Blockchain technology enables decentralized ownership of data, and as a consequence, unbundles data from applications and services. By unbundling data and putting users in control, users will be able to take their data anywhere and this will foster open competition. Decentralized data ownership means that no centralized entity owns the platform data is hosted on and that no centralized entity can change the rules to benefit themselves or stifle competition.

To draw again upon the genomic data example, users would be free to take their 23andme data and use it to get analysis from Helix, 23andme, Ancestry, or Promothease. None of these companies would be able to stop the others from providing their services on this level, decentralized playing field. In fact, they wouldn’t be able to stop anyone. Instead of having a single option for our genomic analysis we would have thousands of options. Companies and individuals alike would truly compete on providing the best algorithms, money, and data would flow to the best algorithms.
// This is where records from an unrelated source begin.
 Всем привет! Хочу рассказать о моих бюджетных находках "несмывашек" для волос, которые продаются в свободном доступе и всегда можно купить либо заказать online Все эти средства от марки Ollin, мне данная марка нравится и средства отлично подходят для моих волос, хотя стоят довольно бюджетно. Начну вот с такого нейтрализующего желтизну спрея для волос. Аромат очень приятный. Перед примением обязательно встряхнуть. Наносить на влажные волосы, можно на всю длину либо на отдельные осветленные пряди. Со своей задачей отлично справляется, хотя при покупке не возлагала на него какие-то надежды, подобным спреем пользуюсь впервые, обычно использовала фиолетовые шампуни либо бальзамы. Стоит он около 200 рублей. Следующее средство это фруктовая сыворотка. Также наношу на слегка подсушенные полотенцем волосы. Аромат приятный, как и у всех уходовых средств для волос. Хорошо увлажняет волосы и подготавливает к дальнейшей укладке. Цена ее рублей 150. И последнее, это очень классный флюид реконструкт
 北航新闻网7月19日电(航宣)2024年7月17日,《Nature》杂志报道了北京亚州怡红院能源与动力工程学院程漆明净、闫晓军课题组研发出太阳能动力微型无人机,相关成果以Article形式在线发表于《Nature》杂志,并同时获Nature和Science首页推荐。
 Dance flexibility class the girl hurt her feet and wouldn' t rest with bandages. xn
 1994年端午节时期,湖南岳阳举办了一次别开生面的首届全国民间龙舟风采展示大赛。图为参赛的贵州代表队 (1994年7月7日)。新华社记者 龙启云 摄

That alone could generate mind-boggling benefits to users in the long term.

Companies and individuals alike would truly compete on providing the best algorithms.
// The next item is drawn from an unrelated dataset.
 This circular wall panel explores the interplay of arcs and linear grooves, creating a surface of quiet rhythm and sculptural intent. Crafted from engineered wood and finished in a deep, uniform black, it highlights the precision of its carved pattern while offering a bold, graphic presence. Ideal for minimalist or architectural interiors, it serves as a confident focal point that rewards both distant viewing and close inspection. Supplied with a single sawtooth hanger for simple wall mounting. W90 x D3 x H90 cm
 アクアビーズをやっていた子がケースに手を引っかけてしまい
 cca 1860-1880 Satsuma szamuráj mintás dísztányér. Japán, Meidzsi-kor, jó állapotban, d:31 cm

But, the benefits are not isolated only for users. With open competition between algorithms for users and their dollars, there exists a direct business model for algorithms. Instead of worrying about capturing a user base in a walled garden, or gaining insider access to a hospital’s data, if you can create a great algorithm you can directly monetize that by selling it to users. This opens up a realm of new possibilities by providing a powerful incentive to create algorithms.

Decentralized data ownership creates a direct business model for algorithms.

The benefits of patient-owned health data have been written about at length, but in brief, there are similar benefits to patients and providers here as well. Patients would see better care and providers could focus on doing the things they do best and providing quality care. EHR vendors could focus on providing the best UI and tools on top of data.

Again, I’m using healthcare examples, but these concepts are broadly applicable outside of healthcare.

Privacy

A number of technologies are maturing that could ensure users’ privacy is respected as well. In particular, homomorphic encryption, secure multi-party computation, and zero knowledge proofs could allow algorithms to train on users’ data without exposing the data itself. Zero knowledge proofs, in particular, are a favorite of the blockchain community. These technologies are in their infancy and will require significant R&D before they can be deployed at scale, however.

Conclusion

As algorithms become increasingly entrenched and important in our lives, it is imperative that we create structures that are equitable and robust. Today’s status quo is neither of those things. Technology titans have dominion over vast swathes of the Internet; they suck up consumer data, monetize it, and tweak the rules of their platforms to suppress competition for their benefit. I’ve used primarily healthcare examples in this article, but this is a problem in every industry.

Decentralized data ownership powered by blockchains change this paradigm for the better. By decoupling data from the applications and services that generate it, decentralized data ownership will broaden users’ choices, create open competition between algorithms, and creates a direct business model for algorithms. The end result will be an explosion of innovation, a more level playing field, and a massive benefit for consumers.